BEGIN DATA UNDER STUDY

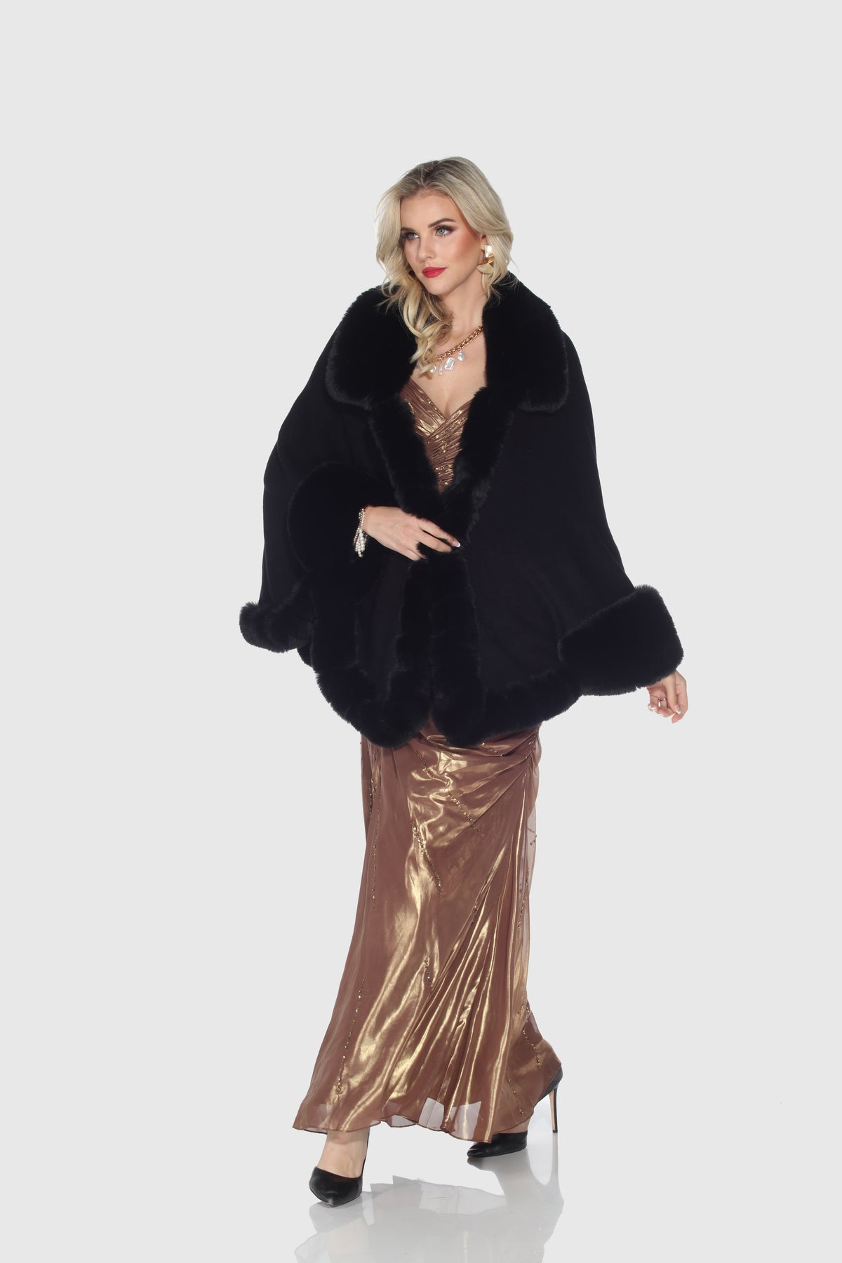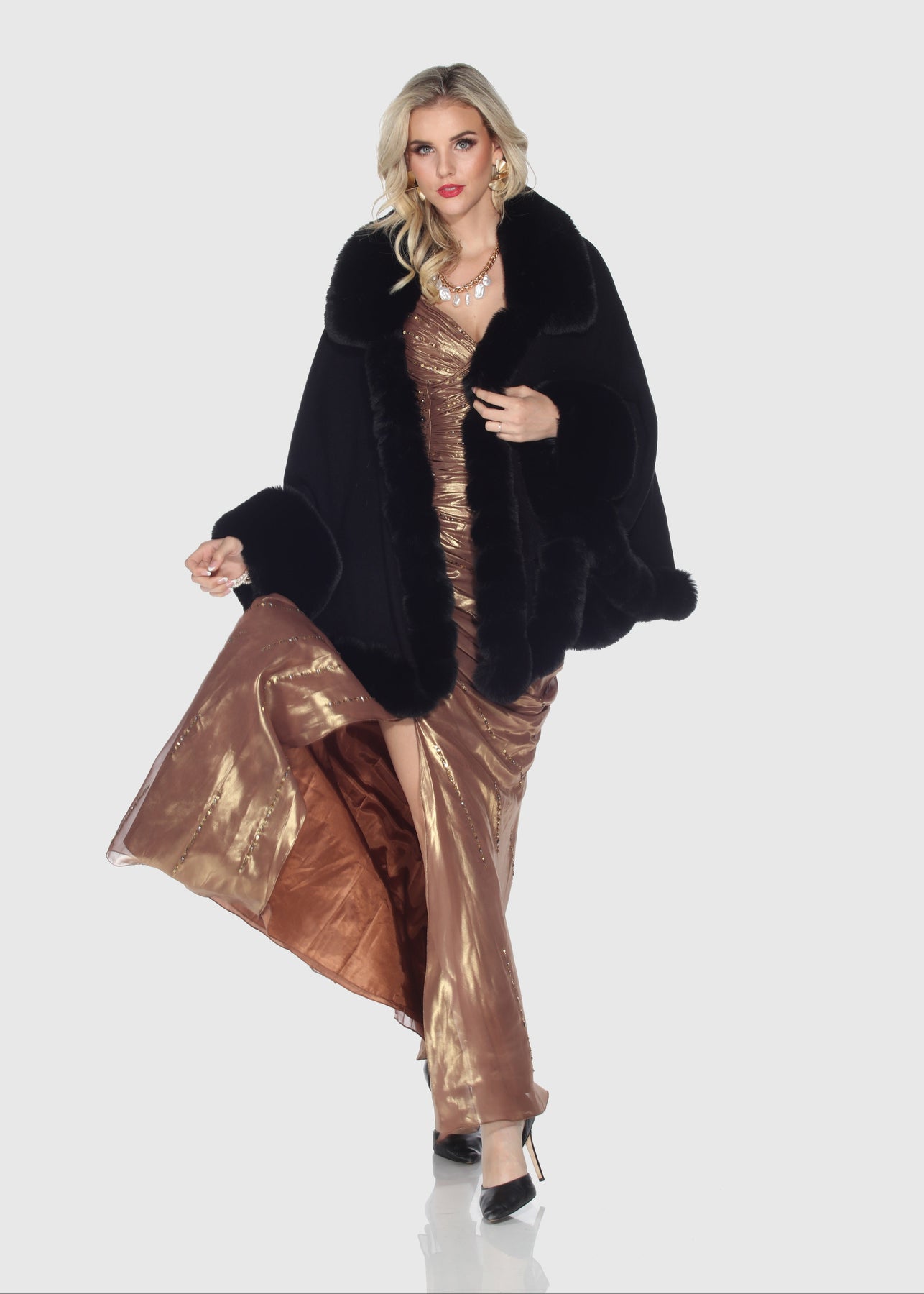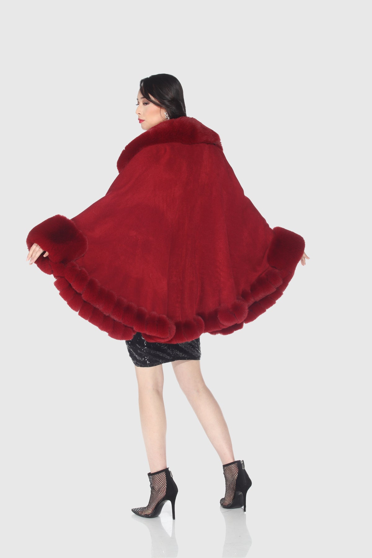 The Faux Fur Trim Poncho Cape is a stylish, mid-length piece made from soft acrylic with a luxurious faux fur trim. Its round collar and sleeveless design offer a chic, timeless look, perfect for adding warmth and elegance to any outfit.
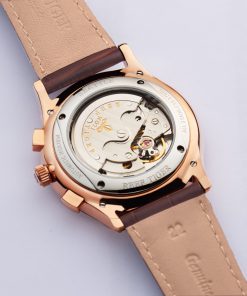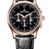 黑色表盤,帶棒狀/阿拉伯?dāng)?shù)字標(biāo)記。計時碼表、小時、分鐘、秒和日期顯示。這款奢華腕表的表盤 12 點鐘位置印有品牌標(biāo)識。
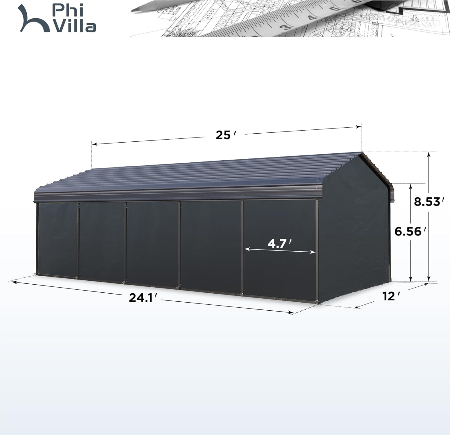 - Dimensions: The fully assembled shed steel carport measures 12" x 25" x 9", Please kindly note that this carport will be delivered in a total of 5 boxes which may arrive at different Please wait patiently for all boxes before installing them. , For customer support, questions, and concerns, please contact us. We promise to respond to any customer message within 24 hours.
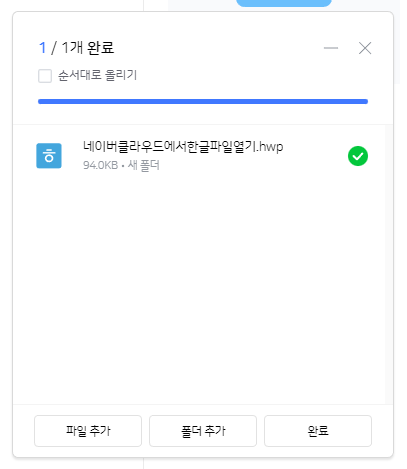 이 한글파일을 수정하려면 일단 네이버 마이박스에 업로드 합니다.
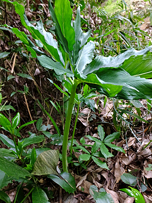 | 太い部分が、いわゆる『偽茎(ぎけい)』 (茎のように見えるが、葉っぱの仲間) その先がくるっと曲がって葉っぱに分かれているように見える |
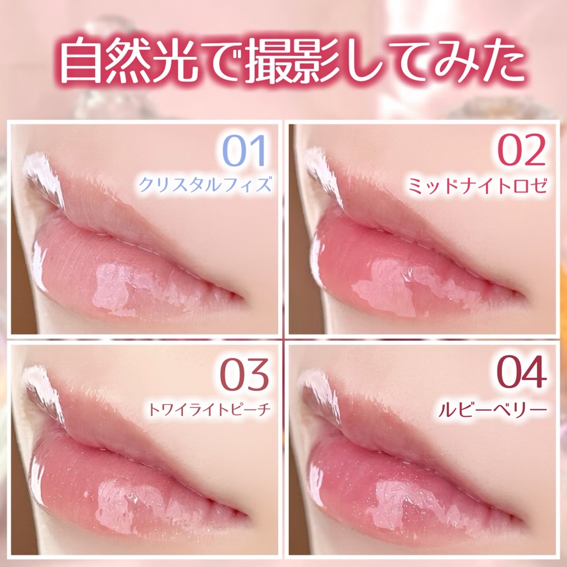 透明感があり、そこまで発色しませんがさりげなくて可愛いです😍ムチっとした柔らかいテクスチャで時間が経っても保湿力がありました✨ラメも細かいので、ラメ感というより艶出しです。チップも液も柔らかめなので、塗り心地はフニャリって感じです😆...
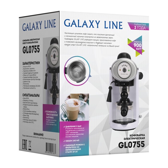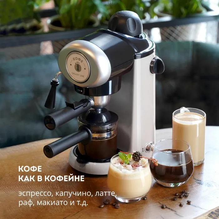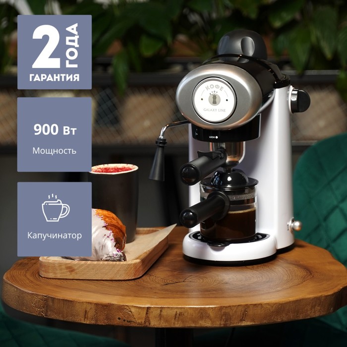 Кофеварка Galaxy GL 0755, рожковая, 900 Вт, 0.24 л, капучинатор, белая — Характеристики
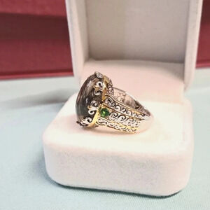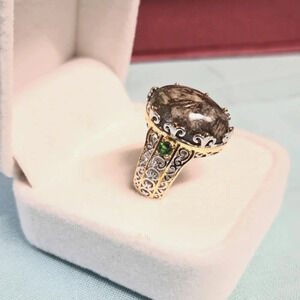 Perfectly Placed Crown 👑 Surrounding A Generous Natural Willemite Center Stone & Natural Chrome (Russian) Diopside Ring In 14k YG & Platinum Vermeil Over Sterling Silver.
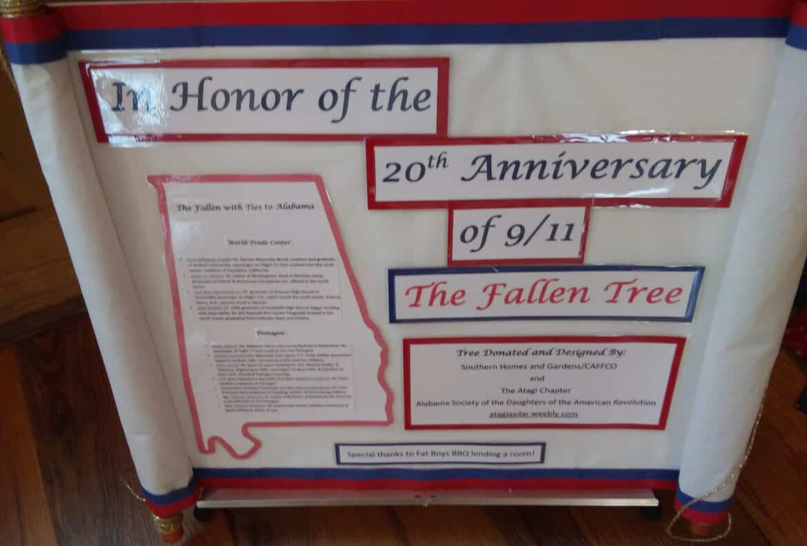 We had dinner last week at Fat Boy’s BBQ near downtown Prattville. It has one of the nicest trees I have ever seen. Fallen Tree is to honor those with Alabama ties and all those who lost their life in the attack on the United States on Sept 11, 20 years ago. It was designed and placed by the Alabama Society of the Daughters of the American Revolution.
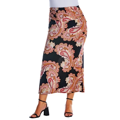 Unleash your inner bohemian goddess with the Womens Black Paisley Print Plus Size Foldover Maxi Skirt, a captivating blend of style and versatility that will take your breath away. This ankle length skirt boasts a mesmerizing paisley print on a black canvas, creating an effortlessly chic and enchanting look. The foldover waist adds a touch of elegance while offering customizable comfort for the perfect fit. Whether you are looking to dress up for a special occasion or embrace casual sophistication. Crafted from a comfortable stretch material, it moves with you, ensuring both freedom of movement and endless compliments.
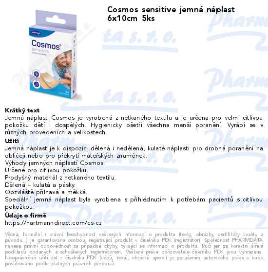 Cosmos sensitive jemná náplast 6x10cm 5ks
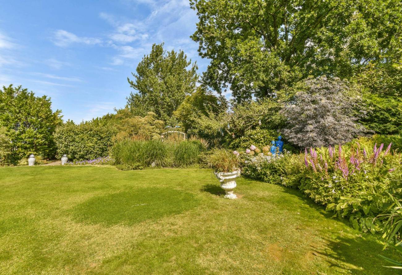 De achtertuin biedt d.m.v. bomen en heg veel privacy en is zeer royaal aangelegd met groen gazon en beelden.

END DATA UNDER STUDY

REQUIRED ACTION
Above are records with pictures; repeat the records exactly and leave the pictures out.

WRITTEN RESPONSE
 The Faux Fur Trim Poncho Cape is a stylish, mid-length piece made from soft acrylic with a luxurious faux fur trim. Its round collar and sleeveless design offer a chic, timeless look, perfect for adding warmth and elegance to any outfit.
 黑色表盤,帶棒狀/阿拉伯?dāng)?shù)字標(biāo)記。計時碼表、小時、分鐘、秒和日期顯示。這款奢華腕表的表盤 12 點鐘位置印有品牌標(biāo)識。
 - Dimensions: The fully assembled shed steel carport measures 12" x 25" x 9", Please kindly note that this carport will be delivered in a total of 5 boxes which may arrive at different Please wait patiently for all boxes before installing them. , For customer support, questions, and concerns, please contact us. We promise to respond to any customer message within 24 hours.
 이 한글파일을 수정하려면 일단 네이버 마이박스에 업로드 합니다.
 | 太い部分が、いわゆる『偽茎(ぎけい)』 (茎のように見えるが、葉っぱの仲間) その先がくるっと曲がって葉っぱに分かれているように見える |
 透明感があり、そこまで発色しませんがさりげなくて可愛いです😍ムチっとした柔らかいテクスチャで時間が経っても保湿力がありました✨ラメも細かいので、ラメ感というより艶出しです。チップも液も柔らかめなので、塗り心地はフニャリって感じです😆...
 Кофеварка Galaxy GL 0755, рожковая, 900 Вт, 0.24 л, капучинатор, белая — Характеристики
 Perfectly Placed Crown 👑 Surrounding A Generous Natural Willemite Center Stone & Natural Chrome (Russian) Diopside Ring In 14k YG & Platinum Vermeil Over Sterling Silver.
 We had dinner last week at Fat Boy’s BBQ near downtown Prattville. It has one of the nicest trees I have ever seen. Fallen Tree is to honor those with Alabama ties and all those who lost their life in the attack on the United States on Sept 11, 20 years ago. It was designed and placed by the Alabama Society of the Daughters of the American Revolution.
 Unleash your inner bohemian goddess with the Womens Black Paisley Print Plus Size Foldover Maxi Skirt, a captivating blend of style and versatility that will take your breath away. This ankle length skirt boasts a mesmerizing paisley print on a black canvas, creating an effortlessly chic and enchanting look. The foldover waist adds a touch of elegance while offering customizable comfort for the perfect fit. Whether you are looking to dress up for a special occasion or embrace casual sophistication. Crafted from a comfortable stretch material, it moves with you, ensuring both freedom of movement and endless compliments.
 Cosmos sensitive jemná náplast 6x10cm 5ks
 De achtertuin biedt d.m.v. bomen en heg veel privacy en is zeer royaal aangelegd met groen gazon en beelden.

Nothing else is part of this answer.